*AIM OF THE EXERCISE*.
The whole listing needs retyping exactly; keep the pictures out of it.

========================

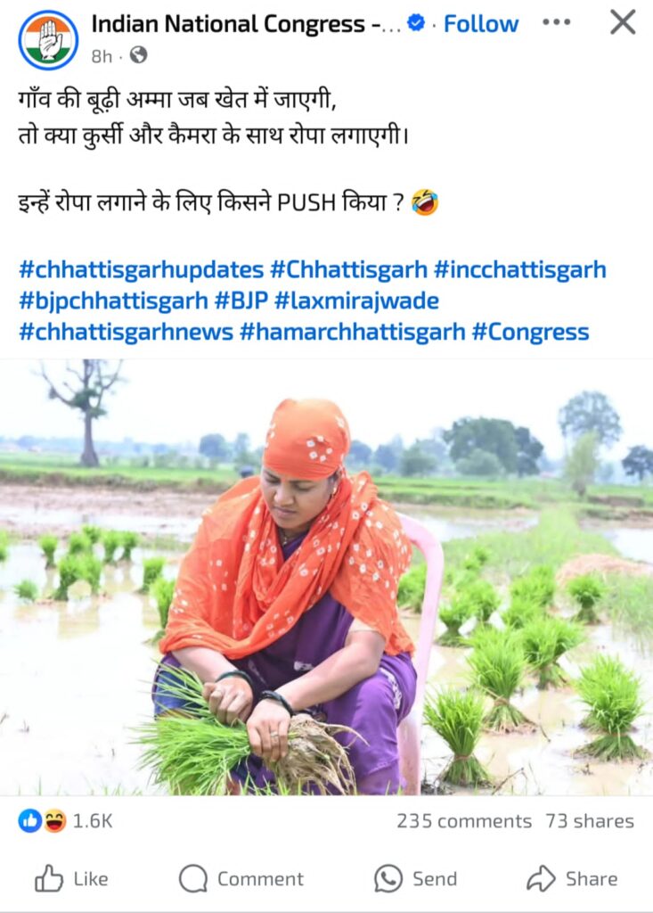 महिला बाल विकास विभाग की मंत्री का धान के खेत में कुर्सी पर बैठकर रोपा लगाना और इस समय की तस्वीर खिंचवाकर उसे सोशल मिडिया पर साझा करना प्रमुख विपक्षी दल कांग्रेस के लिए भी एक मुद्दा बन गया है जिसे लेकर कांग्रेस के अधिकारिक सोशल मिडिया हैंडल से एक पोस्ट जारी हुआ है जिसमें लिखा है कि क्या गांव की बूढ़ी अम्मा रोपा लगाने जाएगी तो कुर्सी और कैमरा साथ लेकर जाएगी,इन्हें किसने रोपाई के लिए पुश किया यह कांग्रेस ने सवाल उठाए हैं। कांग्रेस के तंज के पीछे की वजह मंत्री जी की सोशल मिडिया तस्वीर है जिसमें वह एक तरफ धान रोपाई कर रही हैं वह भी कुर्सी पर बैठकर और दूसरी तरफ कोई कैमरा लिए उनकी तस्वीर खींच रहा है और उसे उनकी सोशल मिडिया आईडी पर साझा किया जा रहा है।
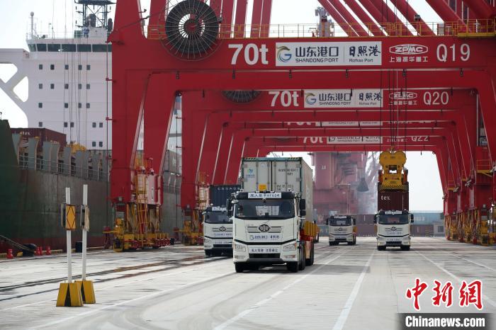 中新网日照10月9日电 (记者 胡耀杰)全球首个顺岸开放式全自动化集装箱码头9日在山东港口日照港正式启用。该码头为全球港口提供了传统码头改造升级为全自动化集装箱码头的“中国样本”,对引领全自动化集装箱码头的“低成本、短周期、见效快”建设具有重要示范意义。
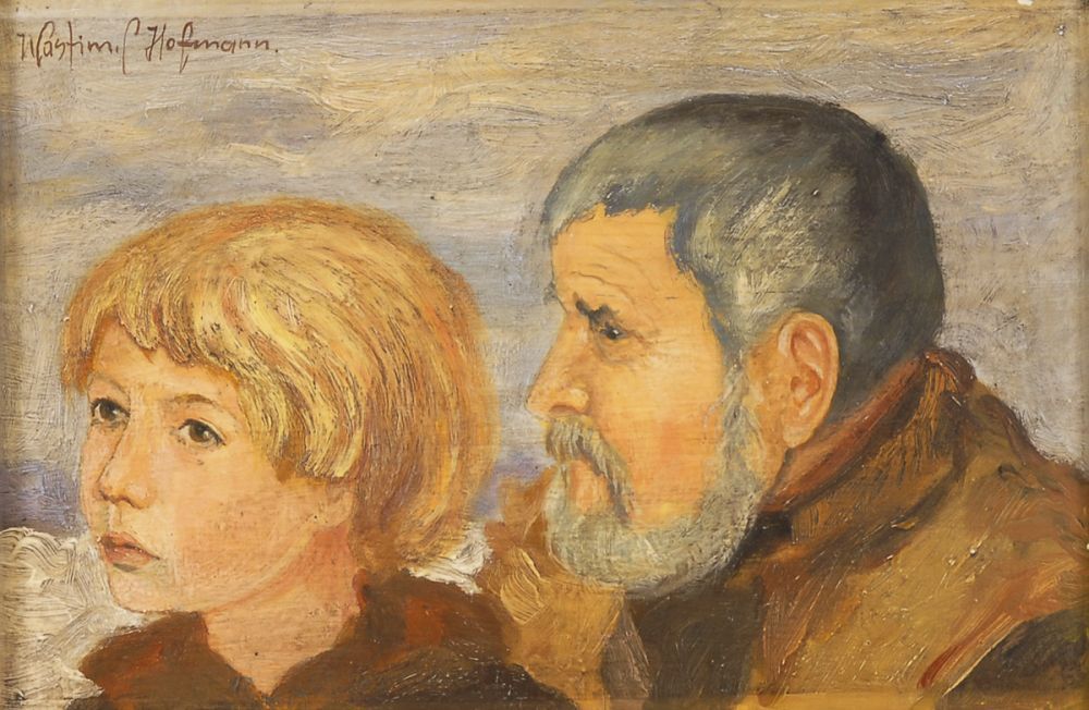 Lot 4080. HOFMANN, Vlastimil: Jung und Alt. Öl/Holz, links oben signiert. 15 x 24 cm, Goldstuckrahmen 31 x 39 cm. Junges Mädchen neben ergrautem Mann in winterlicher Landschaft. Polnischer Maler (1881 Prag – 1970 Szklarska Poreba). Reserve 1,200 euro. Wend. 10/26/19
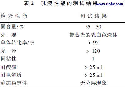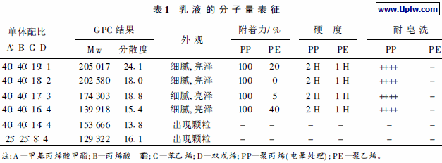 从实验结果得知, 当重均分子量为130 000~250 000, 分散度为15~ 18, 甲基丙烯酸甲酯%丙烯酸丁酯40%40, 苯乙烯含量16%~ 19% , 双戊烯含量1%~ 4% 时, 合成出的乳液成膜性最好, 附着力最强。
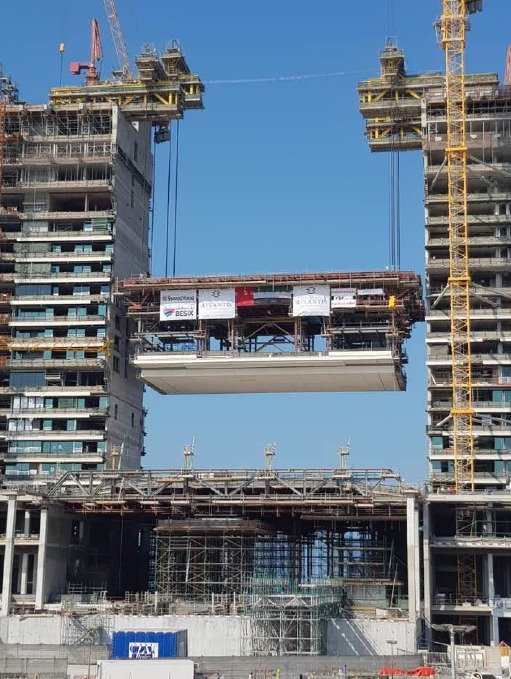 중간중간에 두 건물을 연결하는 45미터 길이의 브릿지를 8대의 유압 잭을 활용해 시간당 6~7미터씩 끌어올린 뒤 연결하는 방식으로 독특한 외관을 만들어나갔다고 하죠.
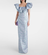 As ethereal as it is elegant, Markarian's Rowan gown is intricately, expertly crafted from floral brocade that offers a light shimmer. It's shaped into a column silhouette with a delicately puffed bodice and center-back slit for a comfortable drape. Product Details - Material: 43% polyester, 39% viscose, 18% metallic fibres - Care instructions: dry clean - Made in the USA - Designer color name: Teal / Purple - Item color: blue - Item number: P01023232 Size & Fit - True to size - Off-the-shoulder - Internal boned corset for support - Cinched waist - Non-stretchy fabric - slit length 72cm-28.5" - The model seen in the picture is 178cm-5'10" and wearing a size US 4
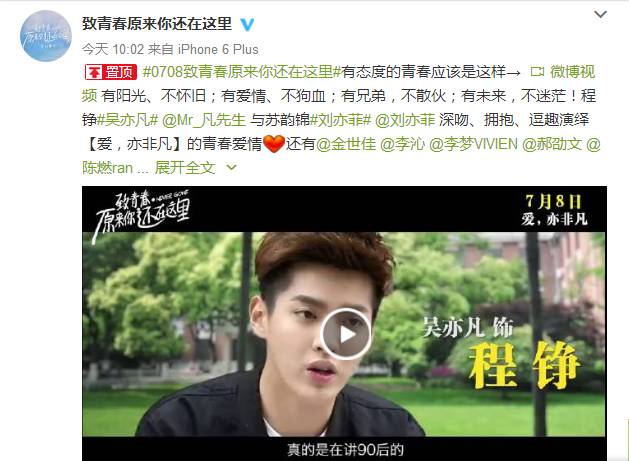 在《致青春原来你还在这里》的特辑中,吴亦凡直言:“这是一部真的是在讲90后的青春爱情故事电影”。

========================

*TASK ANSWER*.
 महिला बाल विकास विभाग की मंत्री का धान के खेत में कुर्सी पर बैठकर रोपा लगाना और इस समय की तस्वीर खिंचवाकर उसे सोशल मिडिया पर साझा करना प्रमुख विपक्षी दल कांग्रेस के लिए भी एक मुद्दा बन गया है जिसे लेकर कांग्रेस के अधिकारिक सोशल मिडिया हैंडल से एक पोस्ट जारी हुआ है जिसमें लिखा है कि क्या गांव की बूढ़ी अम्मा रोपा लगाने जाएगी तो कुर्सी और कैमरा साथ लेकर जाएगी,इन्हें किसने रोपाई के लिए पुश किया यह कांग्रेस ने सवाल उठाए हैं। कांग्रेस के तंज के पीछे की वजह मंत्री जी की सोशल मिडिया तस्वीर है जिसमें वह एक तरफ धान रोपाई कर रही हैं वह भी कुर्सी पर बैठकर और दूसरी तरफ कोई कैमरा लिए उनकी तस्वीर खींच रहा है और उसे उनकी सोशल मिडिया आईडी पर साझा किया जा रहा है।
 中新网日照10月9日电 (记者 胡耀杰)全球首个顺岸开放式全自动化集装箱码头9日在山东港口日照港正式启用。该码头为全球港口提供了传统码头改造升级为全自动化集装箱码头的“中国样本”,对引领全自动化集装箱码头的“低成本、短周期、见效快”建设具有重要示范意义。
 Lot 4080. HOFMANN, Vlastimil: Jung und Alt. Öl/Holz, links oben signiert. 15 x 24 cm, Goldstuckrahmen 31 x 39 cm. Junges Mädchen neben ergrautem Mann in winterlicher Landschaft. Polnischer Maler (1881 Prag – 1970 Szklarska Poreba). Reserve 1,200 euro. Wend. 10/26/19
 从实验结果得知, 当重均分子量为130 000~250 000, 分散度为15~ 18, 甲基丙烯酸甲酯%丙烯酸丁酯40%40, 苯乙烯含量16%~ 19% , 双戊烯含量1%~ 4% 时, 合成出的乳液成膜性最好, 附着力最强。
 중간중간에 두 건물을 연결하는 45미터 길이의 브릿지를 8대의 유압 잭을 활용해 시간당 6~7미터씩 끌어올린 뒤 연결하는 방식으로 독특한 외관을 만들어나갔다고 하죠.
 As ethereal as it is elegant, Markarian's Rowan gown is intricately, expertly crafted from floral brocade that offers a light shimmer. It's shaped into a column silhouette with a delicately puffed bodice and center-back slit for a comfortable drape. Product Details - Material: 43% polyester, 39% viscose, 18% metallic fibres - Care instructions: dry clean - Made in the USA - Designer color name: Teal / Purple - Item color: blue - Item number: P01023232 Size & Fit - True to size - Off-the-shoulder - Internal boned corset for support - Cinched waist - Non-stretchy fabric - slit length 72cm-28.5" - The model seen in the picture is 178cm-5'10" and wearing a size US 4
 在《致青春原来你还在这里》的特辑中,吴亦凡直言:“这是一部真的是在讲90后的青春爱情故事电影”。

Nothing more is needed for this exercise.